↓

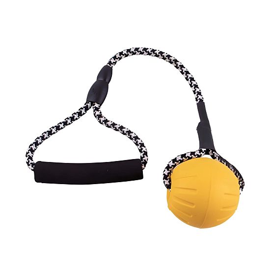 Žlutý míček vyroben z patentovaného materiálu, který je extrémně odolný a zároveň měkký, příjemný na skus. Balonek je na šňůrce, která je zakončena měkkou rukojetí. Průměr míčku je 7 cm.
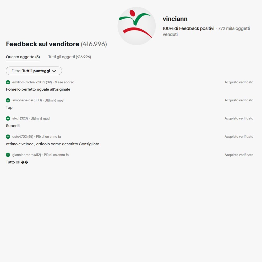 Vinciann Negozio Altre strepitose occasioni (clicca sull'immagine) Spedizioni Rapide Le spedizioni sono molto rapide. Spedisco sempre entro 24 ore dalla ricezione del pagamento. Spesso entro poche ore. Aggiungimi ai venditori preferiti Descrizione Pagamenti Spedizione Le mie aste Pomello leva cambio 6 marce per AUDI A4 S4 B8 A5 8T 07-15 con cuffia Descrizione prodotto: Pomello di ricambio compatibile con Audi A4 S4 B8 e Audi A5 8T , progettato per sostituire perfettamente il vecchio pomello della leva del cambio manuale a 6 marce . Unisce design elegante e materiali di qualità , migliorando l’estetica dell’abitacolo con un tocco sportivo e moderno. Compatibilità: ✔ Audi A4 B8 (2007 – 2015) ✔ Audi A5 8T (2007 – 2016) Caratteristiche tecniche: Cambio: manuale a 6 marce Con cuffia in pelle sintetica inclusa Colore: Nero / Argento Materiali: Plastica ABS , metallo , pelle sintetica Diametro foro interno pomello: 11 mm Installazione semplice e veloce ( plug & play ) Prodotto aftermarket non originale , ma di ottima qualità Condizione e spedizione: 📦 Prodotto nuovo , in magazzino 🚚 Spedizione immediata e tracciabile dall’Italia con Corriere Espresso 🔍 Nota per l'acquirente: Prima dell’acquisto, confronta forma e dimensioni del tuo vecchio pomello con quelle mostrate nelle foto dell’inserzione , per assicurarti della compatibilità. Spedizioni sicure ed assicurate È un prodotto nuovo , disponibile in magazzino (in Italia) e pronto per la spedizione immediata, tracciabile . Il servizio di spedizione che vi offriamo è sicuro, garantito e - ribadiamo - tracciabile, a differenza di Posta Prioritaria, servizio tanto economico quanto inaffidabile circa la consegna dei prodotti. Con noi potete rilassarvi! Le nostre spedizioni sono tutte assicurate fino all'intera spesa effettuata. In caso di incidenti riceverete un rimborso completo o procederemo ad una nuova spedizione. Contatti Per qualsiasi dubbio o domanda su questo ordine non esitare a contattarmi ed a chiedere ulteriori spiegazioni.
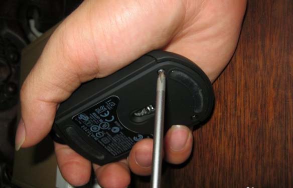 1、用螺絲刀把鼠標底部的螺絲拆下,然后把鼠標上面部分打開
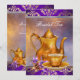 Hermosa invitación para una fiesta de té nupcial en tonos púrpura y dorado que presenta un elegante fondo de acuarela púrpura y dorado con una elegante tetera y taza de té de porcelana dorada y flores de orquídea púrpura y dorada. Esta hermosa invitación para una fiesta de té en dorado y púrpura funciona bien para una invitación para una fiesta de té por la tarde, una invitación para una fiesta de té nupcial o cualquier otra fiesta o evento especial y se personaliza fácilmente simplemente eligiendo el botón "Personalízalo" para comenzar a agregar los detalles de su evento, estilo de fuente, tamaño y color de la fuente y redacción. Tenga en cuenta que todos los diseños de tarjetas e invitaciones que encontrará en Zazzle son gráficos impresos sin joyas reales, lazos, partes o piezas en relieve, estampadas o agregadas.
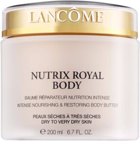 Die Lancôme Nutrix Royal Body Crème 200 ml ist eine zartschmelzende Creme und ein wahrer Balsam für den Körper. Sie pflegt selbst besonders trockene Haut wieder sanft und geschmeidig. Die Nutrix Royal Body Crème regt die natürliche Lipidproduktion der Haut an und pflegt sie geschmeidig zart. Die hauteigene Schutzbarriere wird gestärkt, sie wird widerstandsfähiger und die Haut ist so vor äußeren Einflüssen geschützt. Fünf besonders reichhaltige Öle pflegen intensiv und schenken Wohlbefinden.
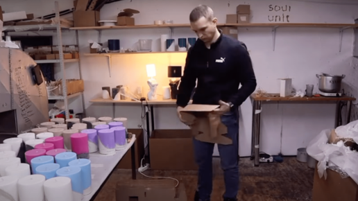 В 2020 году умирал мой бизнес – фитнес-студия. Мы не могли работать в коронавирус, абонементов продали, а оказать услугу не могли. Копились долги, и тогда у меня родилась дочка. В общем, сильно были нужны деньги. Жена показала фотографию бетонной свечи на Pinterest, и я подумал: Может быть, вот оно? В подсобке фитнес-клуба 5 кв. м. сделал свои первые свечи Купил цемент, а вместо воска натер самые простые свечи. Форму сделал из картонной коробки, обтянутой скотчем. После картонных коробок я продвинулся до форм из водопроводных труб...
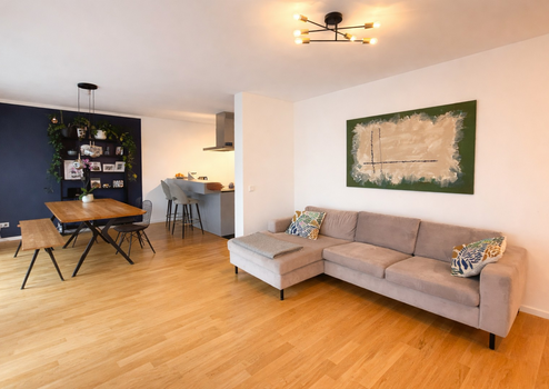 In allen Wohnräumen ist hochwertiger Parkettboden verlegt, der eine zeitgemäße und wohnliche Atmosphäre schafft. Die moderne Einbauküche ist mit neuen Elektro-Markengeräten ausgestattet und fügt sich harmonisch in den offenen Wohnbereich ein.
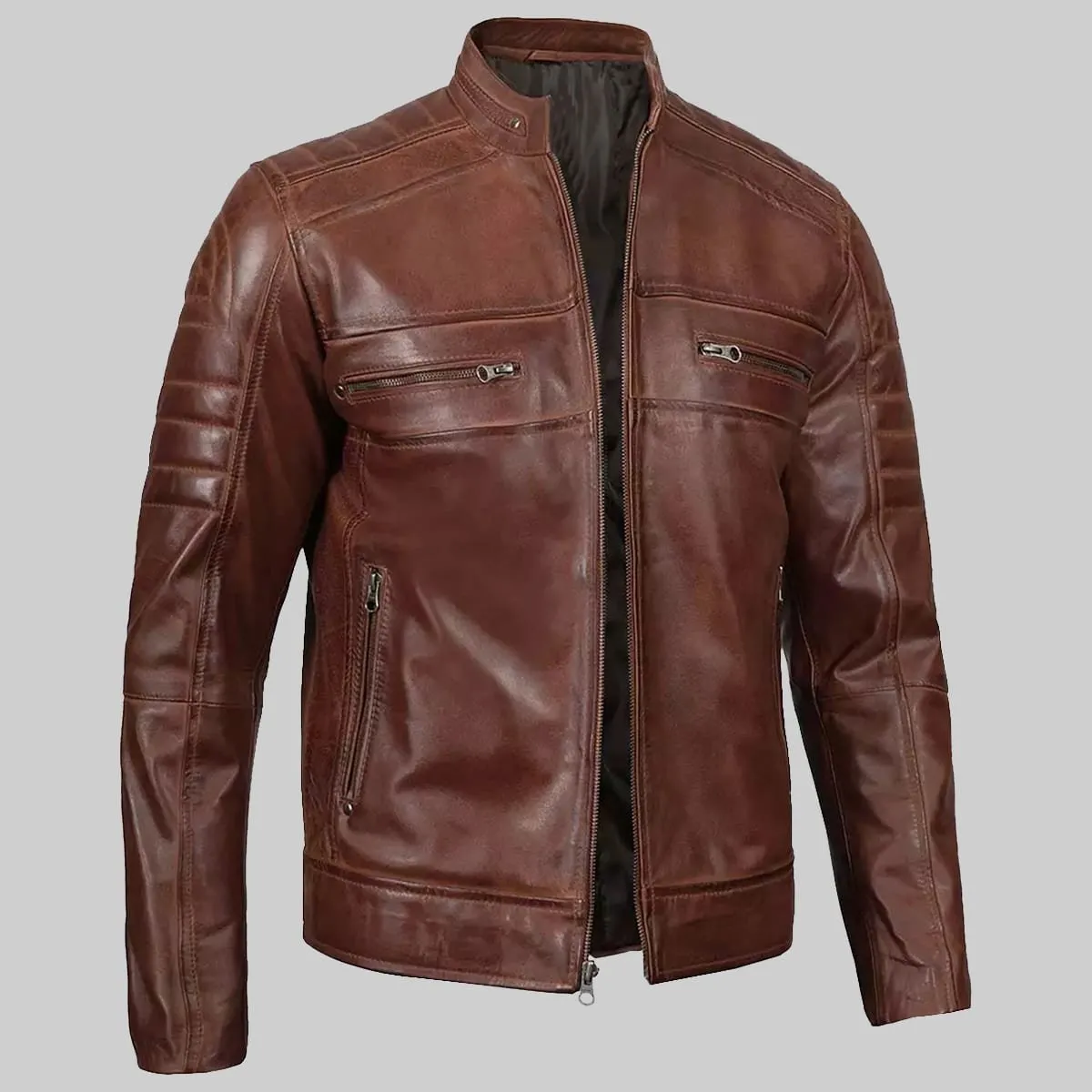 Ronny Brown Moto Leather Biker Jacket
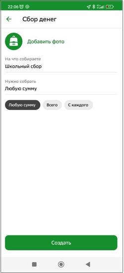 5. Указываем сумму. Можно собирать конкретную или неограниченную («любую») сумму. Также можно задать размер взноса для каждого участника. Нажимаем Создать.
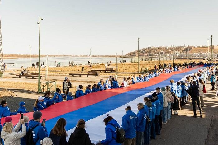 500 нижегородцев развернули на Стрелке стометровый российский триколор в честь годовщины воссоединения Крыма с Россией
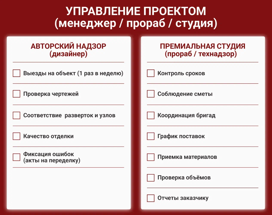 Формат авторского надзора: контроль реализации, координацию поставок, закупка материалов, управление подрядчиками, проверка качества, соблюдение сроков.
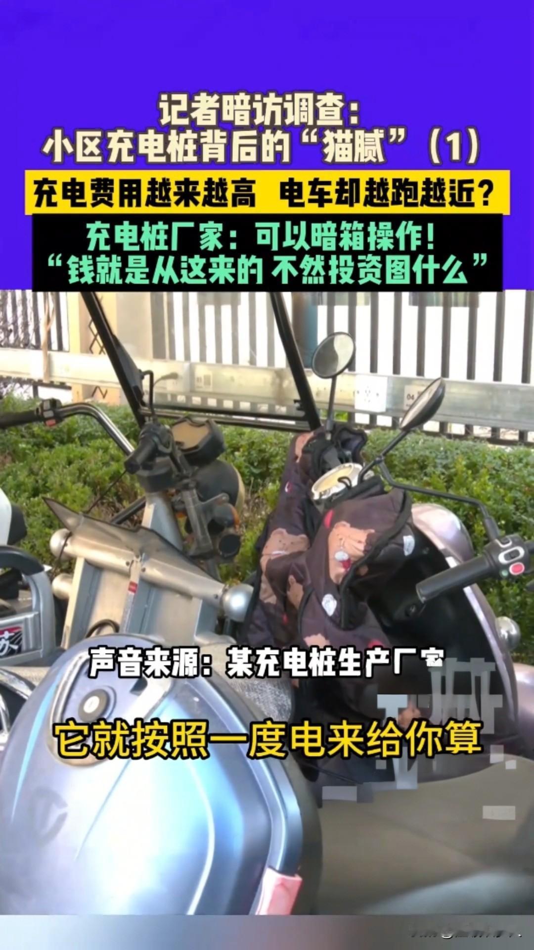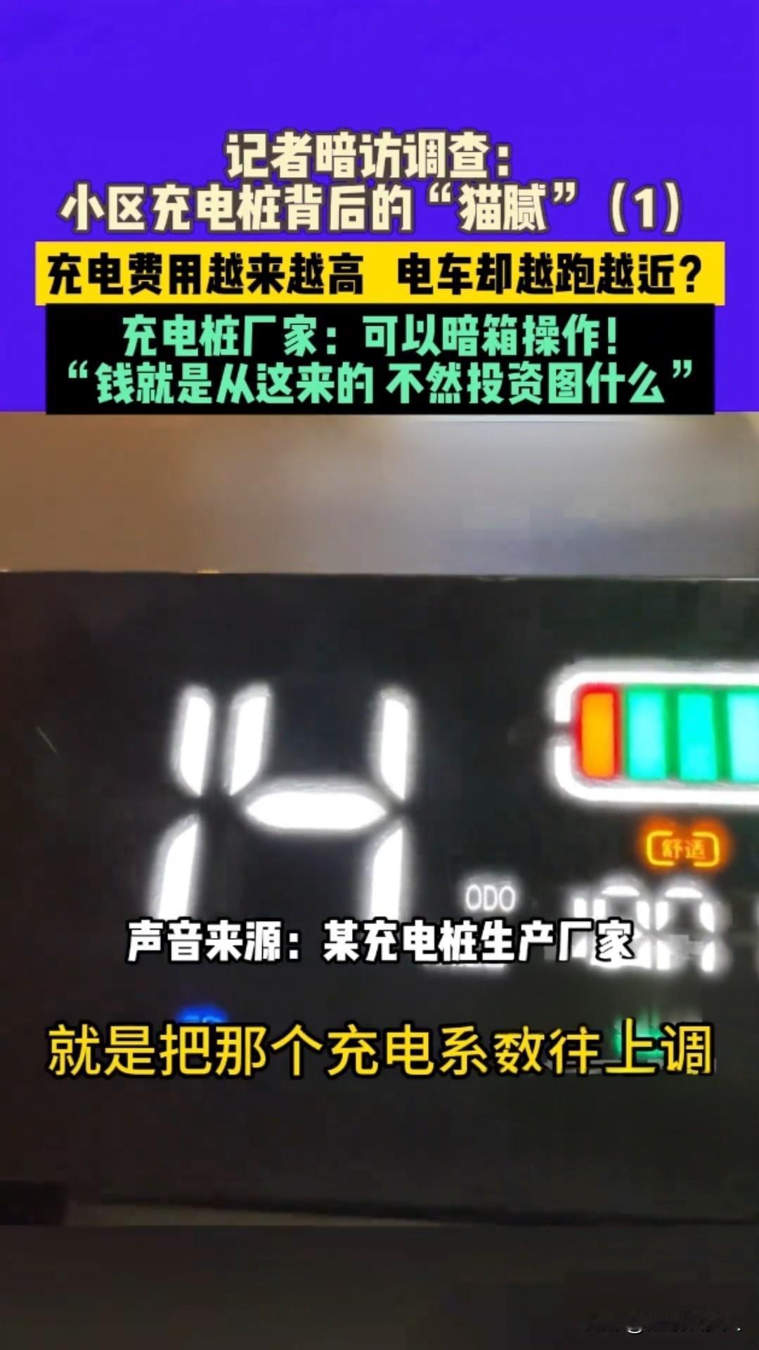 太坑人了!全国多地电动车用户发现,扫码充电桩充满电后续航竟比家充少一半!新车宣称跑80公里,实际只跑40公里,费用翻倍却越充越虚。网友曝光后台可调充电系数:电量偷偷减少,费用照收不误! 天气温度骤降 ,骑车上班十几分钟路程,来回也就20多分钟路程。每天都得充电,这是咋的啦?今天刷到视频,终于真相大白! 隔壁的王叔叔,花大几千买了辆新电动车,卖的时候问好,说是续航80公里,可每次用小区扫码充电桩“充满”后,跑不到40公里就断电了! 更怪的是,同辆车在家充电能跑50公里,公共电桩充完20公里就趴窝。“车显示满电,可一上路就掉格,充了三块多钱还不如自家充两块的量!”他指着充电记录一脸憋屈。 难道车子电池出问题了吗? 王叔叔直奔维修店。师傅听完却摆手:“最近天天有人来问!你回家充一次试试?” 回到家后,马上充上电,一看,续航恢复正常了。 维修工透露内幕:“充电桩能在手机后台调系数——把功率一降,显示‘充满’实际电量少三成,钱照收!” 类似遭遇正集中爆发。李女士发现充电费从2元涨到4元,续航反而更短:“充一晚上,骑五分钟掉两格电!” 网友吐槽:“怀疑过车、怀疑过电池,谁会想到充电桩动手脚?” 还有晒出证据:扫码小程序里藏着的“充电效率”设置栏,默认值被调低20%。 为了寻求真相,终于有人说出实情了!某充电桩公司员工私下直言:“不调系数怎么赚钱?投资几十万装设备,难道做慈善?”他演示后台操作:手指一点,充电量虚标即刻生效。“用户看不到进度条,以为‘自停’就是真充满。” 要我说,这哪是充电桩?简直是“吞电兽”!老百姓省吃俭用买辆车,充电还得跟黑箱算法斗智斗勇。下次扫码前记住:能家充就别在外当冤大头,要是非得用公共桩——瞪大眼睛看紧电量,别让钱包和电瓶一起缩水! 你遇到过电动车“饿肚子”吗? 充电桩充电价格充电桩收费 充电桩收费乱象 冬季生活打卡季 (信息来源于河南民生频道)

↑

What the exercise asks –
What is wanted is a word-for-word restatement of the entries, without their images.

Response area –
 Žlutý míček vyroben z patentovaného materiálu, který je extrémně odolný a zároveň měkký, příjemný na skus. Balonek je na šňůrce, která je zakončena měkkou rukojetí. Průměr míčku je 7 cm.
 Vinciann Negozio Altre strepitose occasioni (clicca sull'immagine) Spedizioni Rapide Le spedizioni sono molto rapide. Spedisco sempre entro 24 ore dalla ricezione del pagamento. Spesso entro poche ore. Aggiungimi ai venditori preferiti Descrizione Pagamenti Spedizione Le mie aste Pomello leva cambio 6 marce per AUDI A4 S4 B8 A5 8T 07-15 con cuffia Descrizione prodotto: Pomello di ricambio compatibile con Audi A4 S4 B8 e Audi A5 8T , progettato per sostituire perfettamente il vecchio pomello della leva del cambio manuale a 6 marce . Unisce design elegante e materiali di qualità , migliorando l’estetica dell’abitacolo con un tocco sportivo e moderno. Compatibilità: ✔ Audi A4 B8 (2007 – 2015) ✔ Audi A5 8T (2007 – 2016) Caratteristiche tecniche: Cambio: manuale a 6 marce Con cuffia in pelle sintetica inclusa Colore: Nero / Argento Materiali: Plastica ABS , metallo , pelle sintetica Diametro foro interno pomello: 11 mm Installazione semplice e veloce ( plug & play ) Prodotto aftermarket non originale , ma di ottima qualità Condizione e spedizione: 📦 Prodotto nuovo , in magazzino 🚚 Spedizione immediata e tracciabile dall’Italia con Corriere Espresso 🔍 Nota per l'acquirente: Prima dell’acquisto, confronta forma e dimensioni del tuo vecchio pomello con quelle mostrate nelle foto dell’inserzione , per assicurarti della compatibilità. Spedizioni sicure ed assicurate È un prodotto nuovo , disponibile in magazzino (in Italia) e pronto per la spedizione immediata, tracciabile . Il servizio di spedizione che vi offriamo è sicuro, garantito e - ribadiamo - tracciabile, a differenza di Posta Prioritaria, servizio tanto economico quanto inaffidabile circa la consegna dei prodotti. Con noi potete rilassarvi! Le nostre spedizioni sono tutte assicurate fino all'intera spesa effettuata. In caso di incidenti riceverete un rimborso completo o procederemo ad una nuova spedizione. Contatti Per qualsiasi dubbio o domanda su questo ordine non esitare a contattarmi ed a chiedere ulteriori spiegazioni.
 1、用螺絲刀把鼠標底部的螺絲拆下,然后把鼠標上面部分打開
 Hermosa invitación para una fiesta de té nupcial en tonos púrpura y dorado que presenta un elegante fondo de acuarela púrpura y dorado con una elegante tetera y taza de té de porcelana dorada y flores de orquídea púrpura y dorada. Esta hermosa invitación para una fiesta de té en dorado y púrpura funciona bien para una invitación para una fiesta de té por la tarde, una invitación para una fiesta de té nupcial o cualquier otra fiesta o evento especial y se personaliza fácilmente simplemente eligiendo el botón "Personalízalo" para comenzar a agregar los detalles de su evento, estilo de fuente, tamaño y color de la fuente y redacción. Tenga en cuenta que todos los diseños de tarjetas e invitaciones que encontrará en Zazzle son gráficos impresos sin joyas reales, lazos, partes o piezas en relieve, estampadas o agregadas.
 Die Lancôme Nutrix Royal Body Crème 200 ml ist eine zartschmelzende Creme und ein wahrer Balsam für den Körper. Sie pflegt selbst besonders trockene Haut wieder sanft und geschmeidig. Die Nutrix Royal Body Crème regt die natürliche Lipidproduktion der Haut an und pflegt sie geschmeidig zart. Die hauteigene Schutzbarriere wird gestärkt, sie wird widerstandsfähiger und die Haut ist so vor äußeren Einflüssen geschützt. Fünf besonders reichhaltige Öle pflegen intensiv und schenken Wohlbefinden.
 В 2020 году умирал мой бизнес – фитнес-студия. Мы не могли работать в коронавирус, абонементов продали, а оказать услугу не могли. Копились долги, и тогда у меня родилась дочка. В общем, сильно были нужны деньги. Жена показала фотографию бетонной свечи на Pinterest, и я подумал: Может быть, вот оно? В подсобке фитнес-клуба 5 кв. м. сделал свои первые свечи Купил цемент, а вместо воска натер самые простые свечи. Форму сделал из картонной коробки, обтянутой скотчем. После картонных коробок я продвинулся до форм из водопроводных труб...
 In allen Wohnräumen ist hochwertiger Parkettboden verlegt, der eine zeitgemäße und wohnliche Atmosphäre schafft. Die moderne Einbauküche ist mit neuen Elektro-Markengeräten ausgestattet und fügt sich harmonisch in den offenen Wohnbereich ein.
 Ronny Brown Moto Leather Biker Jacket
 5. Указываем сумму. Можно собирать конкретную или неограниченную («любую») сумму. Также можно задать размер взноса для каждого участника. Нажимаем Создать.
 500 нижегородцев развернули на Стрелке стометровый российский триколор в честь годовщины воссоединения Крыма с Россией
 Формат авторского надзора: контроль реализации, координацию поставок, закупка материалов, управление подрядчиками, проверка качества, соблюдение сроков.
 太坑人了!全国多地电动车用户发现,扫码充电桩充满电后续航竟比家充少一半!新车宣称跑80公里,实际只跑40公里,费用翻倍却越充越虚。网友曝光后台可调充电系数:电量偷偷减少,费用照收不误! 天气温度骤降 ,骑车上班十几分钟路程,来回也就20多分钟路程。每天都得充电,这是咋的啦?今天刷到视频,终于真相大白! 隔壁的王叔叔,花大几千买了辆新电动车,卖的时候问好,说是续航80公里,可每次用小区扫码充电桩“充满”后,跑不到40公里就断电了! 更怪的是,同辆车在家充电能跑50公里,公共电桩充完20公里就趴窝。“车显示满电,可一上路就掉格,充了三块多钱还不如自家充两块的量!”他指着充电记录一脸憋屈。 难道车子电池出问题了吗? 王叔叔直奔维修店。师傅听完却摆手:“最近天天有人来问!你回家充一次试试?” 回到家后,马上充上电,一看,续航恢复正常了。 维修工透露内幕:“充电桩能在手机后台调系数——把功率一降,显示‘充满’实际电量少三成,钱照收!” 类似遭遇正集中爆发。李女士发现充电费从2元涨到4元,续航反而更短:“充一晚上,骑五分钟掉两格电!” 网友吐槽:“怀疑过车、怀疑过电池,谁会想到充电桩动手脚?” 还有晒出证据:扫码小程序里藏着的“充电效率”设置栏,默认值被调低20%。 为了寻求真相,终于有人说出实情了!某充电桩公司员工私下直言:“不调系数怎么赚钱?投资几十万装设备,难道做慈善?”他演示后台操作:手指一点,充电量虚标即刻生效。“用户看不到进度条,以为‘自停’就是真充满。” 要我说,这哪是充电桩?简直是“吞电兽”!老百姓省吃俭用买辆车,充电还得跟黑箱算法斗智斗勇。下次扫码前记住:能家充就别在外当冤大头,要是非得用公共桩——瞪大眼睛看紧电量,别让钱包和电瓶一起缩水! 你遇到过电动车“饿肚子”吗? 充电桩充电价格充电桩收费 充电桩收费乱象 冬季生活打卡季 (信息来源于河南民生频道)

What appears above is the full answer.